The history of the Maldive Islands is equally exotic. They have been known by different names in different periods of history for more than two thousand years. In the ancient age, Malé was called “Mahal”, “Mahal Dvipa” or “Maléldvip”. Throughout the past centuries, Malé or Mahal has been the most important island and the capital of the country. A study of the ancient names shows that in the 9th, 10th and 11th centuries, the original Mahal Dvipa became Islamic with hordes of Middle Eastern travellers settling in the islands. The islands then became Mahaldib, and later became Maldives when they became a part of the British Empire. However, Maldivians themselves use the name “Dhivehi Raajje” when they refer to their country, meaning “The nation of the Dhivehi People”. Dhivehi is also the language spoken by the people of the Maldive Islands. Whatever the name of this fairytale nation, its superlative beauty and soul-rejuvenating peace are undoubtedly the most fabulous gifts for visitors.

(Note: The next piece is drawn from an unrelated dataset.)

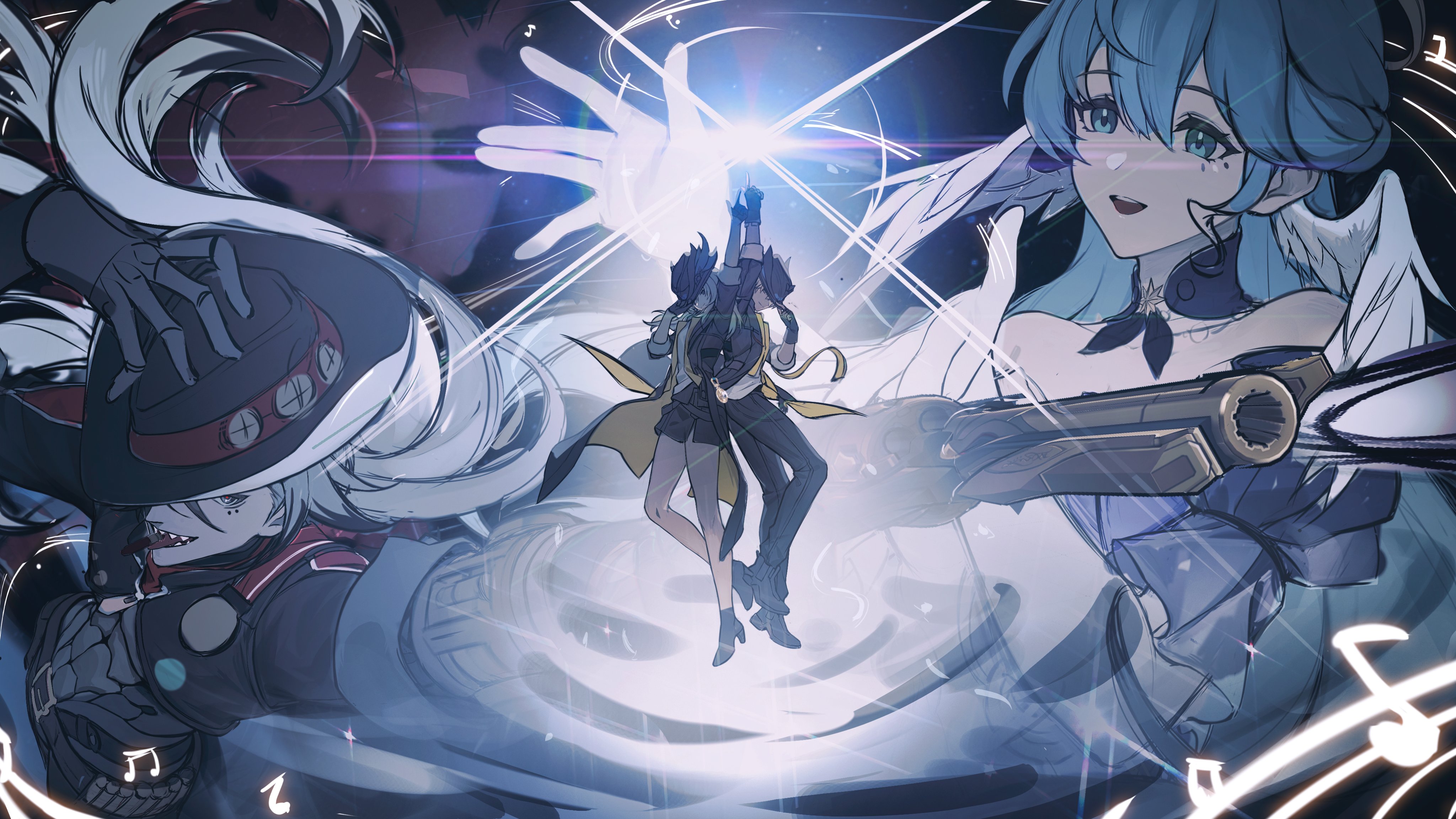 2boys 2girls absurdres arm_up armor back-to-back bare_shoulders belt black_belt black_coat black_footwear black_gloves black_hair black_hat black_jacket black_pants black_skirt blue_eyes blue_hair boothill_(honkai:_star_rail) boots caelus_(honkai:_star_rail) closed_mouth coat collarbone detached_sleeves dress elbow_gloves feathered_wings fingerless_gloves flying full_body gloves grey_eyes grey_hair gun hair_between_eyes halo hand_on_headwear hand_up handgun hat hat_feather head_wings high_heels highres holding holding_gun holding_weapon honkai:_star_rail honkai_(series) hood hooded_jacket index_finger_raised jacket jewel_under_eye light long_hair long_sleeves looking_at_another looking_at_viewer multicolored_hair multiple_boys multiple_girls musical_note open_clothes open_coat open_mouth pants pocket_watch purple_dress robin_(honkai:_star_rail) sharp_teeth shirt short_hair short_sleeves skirt smile star_(symbol) star_ornament stelle_(honkai:_star_rail) t-shirt teeth tongue tongue_out trailblazer_(honkai:_star_rail) two-sided_coat two-sided_fabric two-sided_jacket two-tone_dress two-tone_hair unfinished watch weapon white_dress white_gloves white_hair white_shirt wings yellow_coat yellow_jacket zhiyan_li

No wonder they call this tiny country ‘a slice of heaven’!
Did you know?
The People of the Maldive Islands are called Dhivehis and Speak the Dhivehi Language
The people of the Maldives or Dhivehis are an ethnic group living in the Republic of Maldives and the Island of Minicoy in India’s Union Territory of the Lakshadweep Islands. All Dhivehis share the same culture and speak the Dhivehi language, which belongs to the Indo-Aryan language group. Historians divide Dhivehis into three communities; The main group of 2,50,000 lives on the islands and atolls and adds up to 70 per cent of the Dhivehis. Other communities, smaller in size, speak similar languages and live in specific islands in the group.